Old-fashioned assignment operators (was Re: braces
Richard Michael Todd
rmtodd at uokmax.UUCP
Sat Dec 17 08:53:37 AEST 1988
In article <2151 at uokmax.UUCP> randy at uokmax.UUCP (Longshot) writes:
>As an interesting aside, the cc here on our Multimax will generate warnings for
>lines like:
>
> x=-y; /* x = -y or x =- y? */
>
>In other words, and math operator that can be combined with = can produce an
>error. This will happen with +,-, *, and any others that fit the bill. Now, I
>have yet to hard-test it to see which case it generates.
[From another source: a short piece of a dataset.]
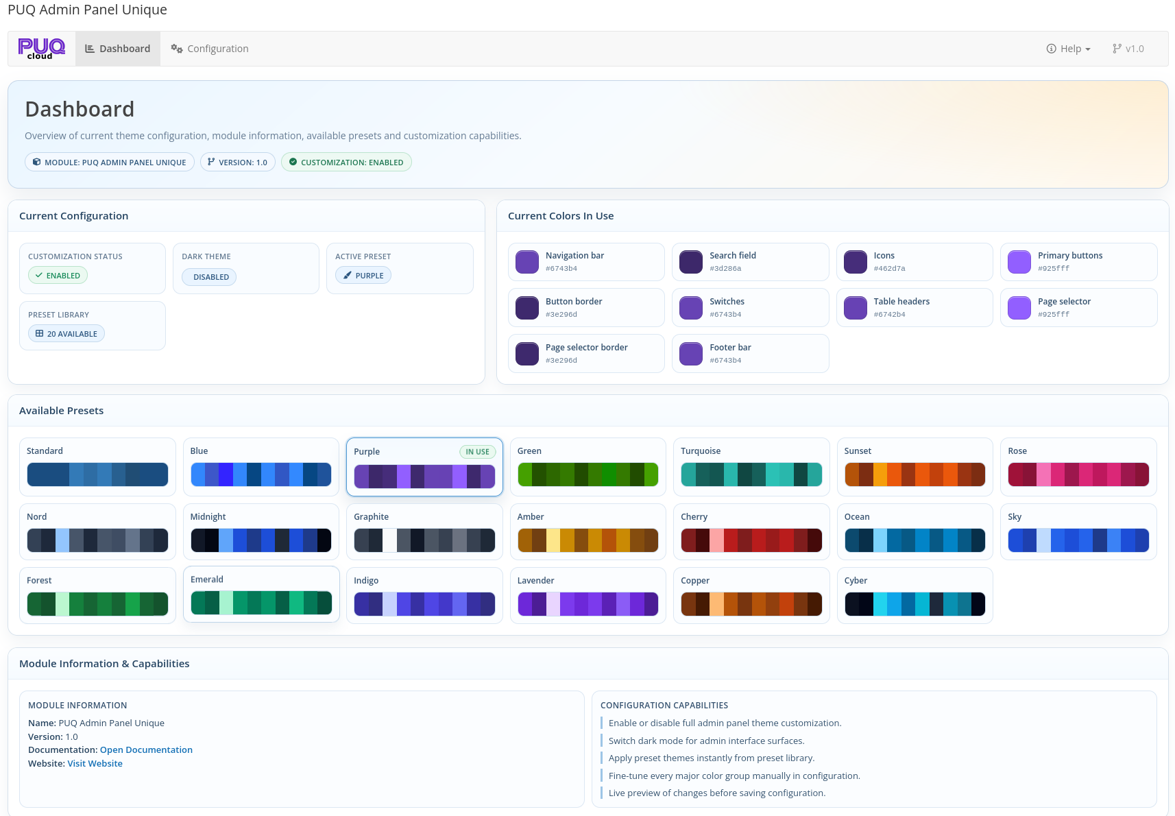 The module also includes a dedicated dashboard that shows the current configuration state, including customization status, dark mode status, active preset, current colors in use, preset library count, and module information. The save process includes CSRF protection, HEX color validation, and a safe post-redirect-get workflow to prevent duplicate submissions.

Has anyone had
>similiar messages, and checked further?
Script started on Fri Dec 16 16:06:15 1988
% cat foo.c
main() {
int x,y;
x = 3;
y = 4;
x=-y;
printf("%d\n",x);
}
% cc foo.c
"foo.c", line 5: warning: old-fashioned assignment operator
% a.out
-1
% ^D
script done on Fri Dec 16 16:06:40 1988
It seems to be interpreting "=-" as "-=". The message warns of an
"old-fashioned" assignment operator. There's an interesting bit of history
here. Back around 6th Edition Unix (I think) the augmented assignment
operators in C were written as =+, =-, etc, not "+=" like we do today.
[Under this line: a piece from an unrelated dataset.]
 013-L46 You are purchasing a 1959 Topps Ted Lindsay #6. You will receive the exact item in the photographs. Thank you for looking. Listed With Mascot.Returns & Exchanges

Unfortunately that caused an ambiguity problem: does x=-y mean x = -y or
x =- y? That, I believe, is why the operator syntax was changed circa
7th Edition. The compilers were changed to accept the old syntax "=-"
but issue a warning.
The question I have is, what exactly *is* the correct interpretation of
x=-y in modern C? As mentioned before, the Encore cc interprets it as
augmented assignment. The compiler I use on my PC interprets it as assigning
-y to x. Which interpretation is right? What does the ANSI C standard say
about this?
Of course, the existence of compilers that interpret this line differently
means that if you want your code to be portable, you *must* include proper
spaces; if you want to assign -y to x, you must say "x = -y" if you want
your code to work everywhere.
Finally, I question why this business of checking for old-fashioned
assignment operators is still in Unix C compilers. After all, V7 came
out around 10 years ago! Does anyone really have around any code that hasn't
been converted to the new syntax by *now*?
--
Richard Todd Fido:1:147/1 USSnail:820 Annie Court,Norman OK 73069
Try one of these: rmtodd at chinet.uucp, rmtodd at killer.dallas.tx.us,
rmtodd at uokmax.ecn.uoknor.edu or ...!sun!texsun!uokmax!rmtodd.